We have brought in criminal sanctions for what is nothing more than theft – taking advantage of what you know to enrich yourself always occurs at someone else's expense – it might be thought of as white collar crime, but it's crime, first and foremost and will be punished.
And then we had the Taskforce on Financial Intermediaries, followed by the Review of Financial Products and Providers. There are those that said we bit off more than we could chew with the nine discussion documents. But let me say this. Financial products and providers are considerably more diverse today than they were even 20 years ago. The regulatory frameworks needed to be set out so we could see how they would operate in an integrated manner. I believe that the process has been strengthened by this approach and there is only one thing I would have done differently.
When the Taskforce on Financial Intermediaries recommended the co-regulatory model, it seemed to me to provide the best of both worlds – the experience of the existing professional bodies and the back up of the Securities Commission.
I did not envisage the impact of the failure of several finance companies, which had taken deposits off people who believed their investment was 'safe as' and who had no idea the level of risk they were taking with their hard-earned money.
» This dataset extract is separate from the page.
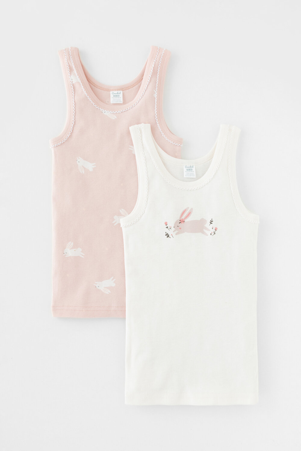 Майка crockid К 1181-2уп/белая лилия,пыльный персик,зайчики Ал, комплект из 2 шт., размер 52/86-92, белый, розовый информация:

Some financial advisers received higher than usual commissions for recommending some of those products; some financial advisers did not undertake a proper assessment of their clients' appetite for risk, or if they did, they ignored it; some financial advisers did not tell people what the level of risk was; and some financial advisers did not tell people that the risk they were taking was considerably higher than the rate of interest they were receiving and for the difference in return they might as well put their money in the bank.
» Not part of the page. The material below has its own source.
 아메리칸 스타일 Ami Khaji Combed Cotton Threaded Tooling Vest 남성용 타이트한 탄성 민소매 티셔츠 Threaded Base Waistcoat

All of a sudden the organisations that were so keen to be approved professional bodies could see that they couldn't sustain the level of disciplinary work that might arise each year, with a fragmented APB system. I agreed, but rather than limit the number of APBs I decided to go back to Cabinet and get approval for the discussion document that signalled a shift to a single regulator, namely the Securities Commission. A co-regulatory outcome could not have survived the level of mistrust and anger that exists amongst an investing public who feel they have been betrayed. My regret is that I wasn't alert to this before the Financial Advisers Bill was drafted.
In terms of the future, this new legislative framework will be an important element in the task of restoring confidence to our markets – confidence that has been shaken to its core. It is true that what is happening in New Zealand is occurring overseas, but that is cold comfort to those New Zealanders who have either lost their hard-earned money or have seen it frozen, for how long they can only guess, and with no guarantee that they will get it all repaid. Winning back confidence off the back of this experience is going to be very hard indeed and it is not something that the government can do alone. That is one reason that we have established the Capital Markets Development Taskforce, so that the private sector can partner with government in terms of finding the solutions that will enable our capital markets to grow.
So that is my response to the questions asked by the conference organisers – I am happy to respond to any others you may have.